With the images removed, transcribe the listing that follows exactly.

◆ DATA BELOW ◆

+--

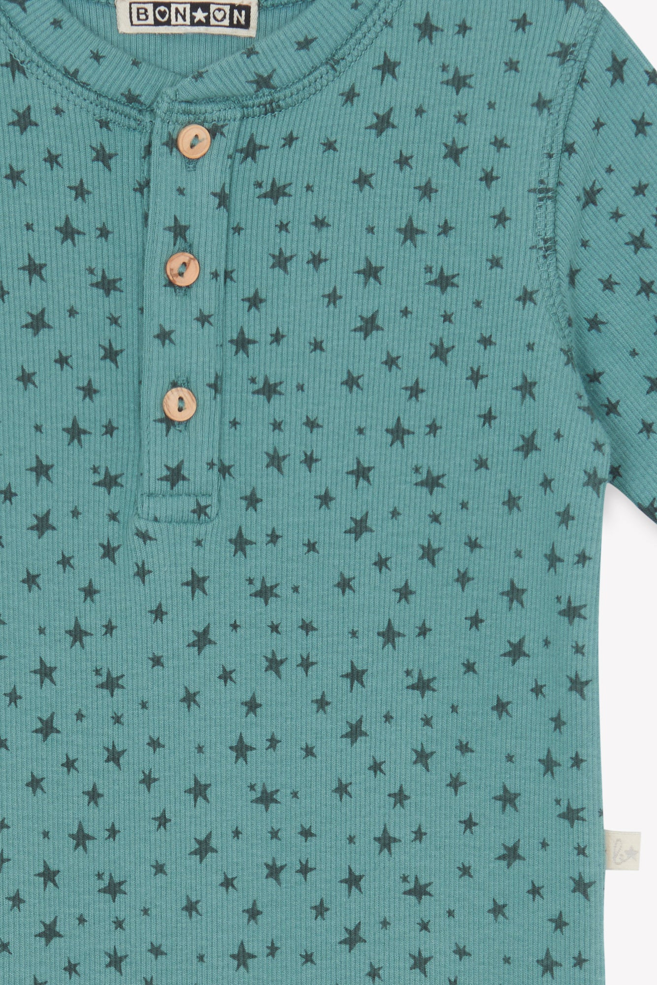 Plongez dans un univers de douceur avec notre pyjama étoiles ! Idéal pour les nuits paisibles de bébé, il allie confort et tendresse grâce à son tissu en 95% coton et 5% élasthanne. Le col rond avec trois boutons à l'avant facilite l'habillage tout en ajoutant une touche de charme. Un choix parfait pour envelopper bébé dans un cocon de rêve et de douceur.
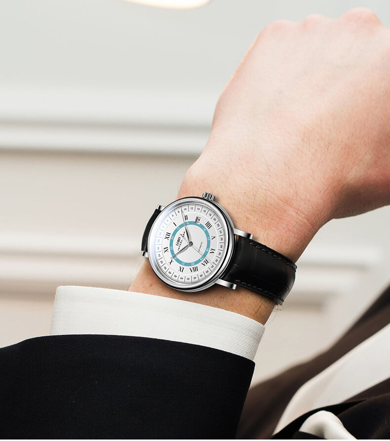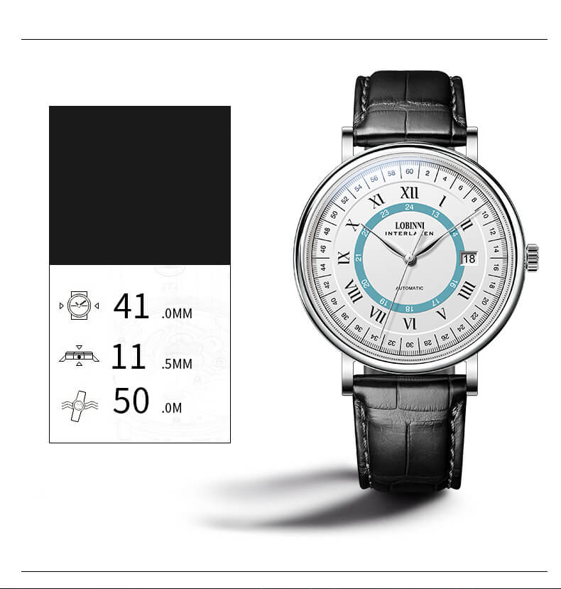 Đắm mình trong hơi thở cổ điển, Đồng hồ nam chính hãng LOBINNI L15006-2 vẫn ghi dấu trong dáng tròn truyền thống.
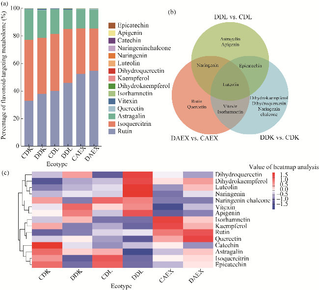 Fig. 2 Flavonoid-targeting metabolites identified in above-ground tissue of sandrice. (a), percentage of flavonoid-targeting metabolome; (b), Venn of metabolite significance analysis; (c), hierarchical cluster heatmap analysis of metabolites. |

+--

◆ OUTPUT FOR THIS TASK ◆
 Plongez dans un univers de douceur avec notre pyjama étoiles ! Idéal pour les nuits paisibles de bébé, il allie confort et tendresse grâce à son tissu en 95% coton et 5% élasthanne. Le col rond avec trois boutons à l'avant facilite l'habillage tout en ajoutant une touche de charme. Un choix parfait pour envelopper bébé dans un cocon de rêve et de douceur.
 Đắm mình trong hơi thở cổ điển, Đồng hồ nam chính hãng LOBINNI L15006-2 vẫn ghi dấu trong dáng tròn truyền thống.
 Fig. 2 Flavonoid-targeting metabolites identified in above-ground tissue of sandrice. (a), percentage of flavonoid-targeting metabolome; (b), Venn of metabolite significance analysis; (c), hierarchical cluster heatmap analysis of metabolites. |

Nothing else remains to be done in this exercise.